Investments in security don't produce revenue, making it difficult for IT to justify implementations of security updates to C-level executives. But, when a data breach occurs, the hammer falls on IT. Therefore, it is the IT staff who are faced with the daunting task of justifying security investments to C-level executives, including updating and maintaining security policies and software to support BYOD and social enterprises. Below are tips for IT professionals to keep in mind as they approach C-level executives for the buy-in to implement the tools and policies needed to ensure enterprise security.
This is a real problem.
The days of the paper shredder are gone. Company data is no longer just in the physical hands of employees, it's in their virtual hands, traveling with them wherever they go. Forrester recently reported that corporate data loss and security breaches occur as a result of employee misuse and lack of comprehensive IT security policies. In fact, 31 percent of data breaches were a result of loss or theft, while 27 percent were caused by employees accidentally mishandling corporate data. And when these data breaches occur, it can cause devastating legal, financial and reputation crises.
It's hard to ignore the cost benefits when employees purchase their own device. However, with as much as 70 percent of the company's intellectual property (IP) living on email alone, a huge percentage of data assets are "out there" on somebody's smartphone or tablet. To make matters worse, the volume of data that IT needs to protect is proliferating as fast as the devices themselves - therefore another trendy problem to face - Big Data.
To address data security concerns, IT needs to examine employees' devices in greater detail and implement a Mobile Device Management (MDM) solution to effectively manage this concern. Investing in an MDM solution isn't about giving employees what they want. It impacts the bottom line of any company when you consider the costs that can be associated with data breaches that can occur if employees access corporate data on potentially unsecured mobile and Wi-Fi networks.

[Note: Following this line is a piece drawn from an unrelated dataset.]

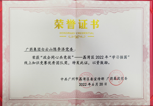 广药集团白云山陈李济公司党委获“政企同心共竞技”——荔湾区2022年“学习强国”线上知识竞赛优秀团队奖

This is a real business problem.
Some companies are more at-risk than others, but no company is completely protected from risk. If you're a decision-maker, your choices regarding security policies and solutions can dramatically impact a company's bottom line. At the same time, compliance must be met. It is critical to ensure that employee-owned devices meet a certain standard of compliance before allowing them access to the corporate network. Proving this compliance with standardized reports is a must - manually accounting for compliance has become untenable for most IT organizations. For example, employee-owned devices or operating systems need to support data encryption in order to keep sensitive company information from being leaked - and IT should be able to prove this with a standardized report.
Of course, there is always the concern of employee privacy. Security and compliance solutions need to secure data in the enterprise, while also protecting employees' privacy by blocking any access of IT administrators to non-work related areas on employee-owned devices. These privacy concerns can result in fines and lawsuits, from outside organizations as well as employees who feel their rights have been violated. C-levels may not see employee privacy as a bottom-line concern, but the damage that could be done if compliance is not met can be very costly to the corporate wallet.
Ineffective or unsophisticated security results in lost productivity and agility.
Every CxO knows they need to secure the enterprise; the question is how - and how to do it with the lowest investment possible. However, the least expensive solution isn't necessarily the cheapest to the organization - if your security policy results in one lost hour of productivity per employee per week, you're talking about massive costs to the enterprise.
Mobile, social and cloud technologies have forced IT departments to adapt policies and procedures. Successful IT teams need to navigate through new technologies without threatening security or limiting the productivity of the workforce. After all, a secure enterprise is a productive one. It's critical that technology does not dictate policy, but rather that organizations implement and enforce policies that are flexible enough for today's rapidly changing technology environment. The need for IT to overhaul security procedures each time a new technology is introduced to the market can be costly, and can easily result in a "No" from C-levels as IT professionals request funding for the tools to ensure security. Solutions that need to be implemented are ones built to be scalable and help IT avoid investing in new policies and platforms each time a new technology disrupts business.
When it comes to security, IT has a difficult task. Other departments justify costs with hard numbers for how their investments will increase ROI and impact the organization's bottom line. IT is stuck with the need for investments without being able to show the obvious monetary return. Increased investment in security can fall to the bottom of a CEO's to-do list when his most important role is ensuring that the company stays profitable and he or she feels they already have a solid system in place.
Today's workforce feels that they are entitled to work wherever and whenever they want, and on whatever devices and applications they prefer, creating a major security threat. Though investing in security measures may not turn a profit, it will ensure the sustainability of a company by eliminating compliance concerns and reducing risks of data breaches as well as help maintain workforce productivity in the event of a breach or unforeseen intrusion. The threat of what an organization could lose is worth the investment to keep enterprises secure in a constantly evolving IT era.
Justin Strong is the Senior Global Product Marketing Manager at Novell.